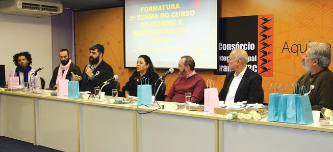 O Consórcio Intermunicipal Grande ABC concluiu, quarta-feira, a terceira edição do curso “Gênero e Masculinidades”, formada por 21 homens que atuam no serviço público municipal da região. A cerimônia de formatura ocorreu na sede da entidade regional. Organizado pelo Grupo de Trabalho Gênero e pelo Grupo Temático Gênero e Masculinidades do Consórcio, o curso contou com apoio da Defensoria Pública do Estado de São Paulo. Ao longo de 20 encontros semanais, iniciados em 25 de abril, a formação contou com palestras, dinâmicas em grupo e troca de experiências entre os participantes com o objetivo de disseminar uma cultura contrária à violência doméstica. MEDIADOR
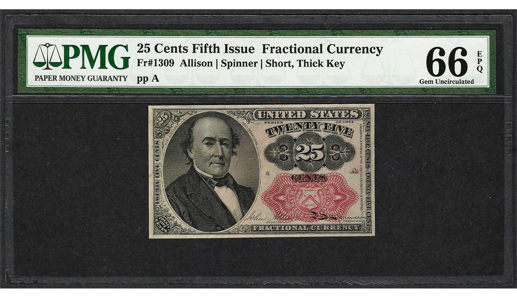 One 1874 25 Cent Fifth Issue Fractional Currency Note Fr.1309 PMG Gem Uncirculated 66EPQ. PMG Certified.
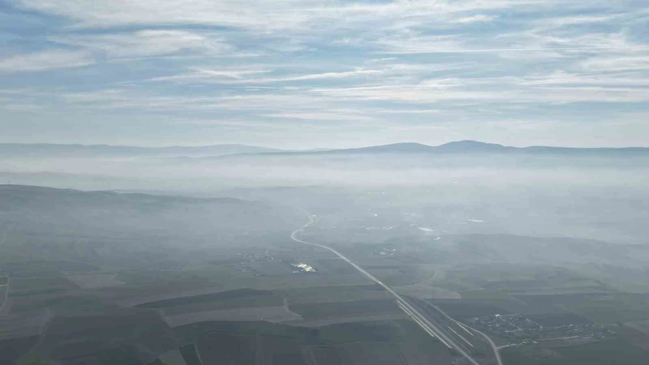 Çorum’da sabah saatlerinde hava sıcaklığının düşmesi sebebiyle sis etkili olmaya başladı. Kent merkezinde de etkili olan sis, Ankara-Samsun karayolunda görüş mesafesini düşürdü. Sisle kaplanan Çorum havadan görüntülendi.
====
■ **TASK TO COMPLETE**: Could you transcribe exactly the lines from the one with "One 1874 25" through the end of the data, both ends included, and nothing else, skipping the pictures?

■ **ANSWER**:
 One 1874 25 Cent Fifth Issue Fractional Currency Note Fr.1309 PMG Gem Uncirculated 66EPQ. PMG Certified.
 Çorum’da sabah saatlerinde hava sıcaklığının düşmesi sebebiyle sis etkili olmaya başladı. Kent merkezinde de etkili olan sis, Ankara-Samsun karayolunda görüş mesafesini düşürdü. Sisle kaplanan Çorum havadan görüntülendi.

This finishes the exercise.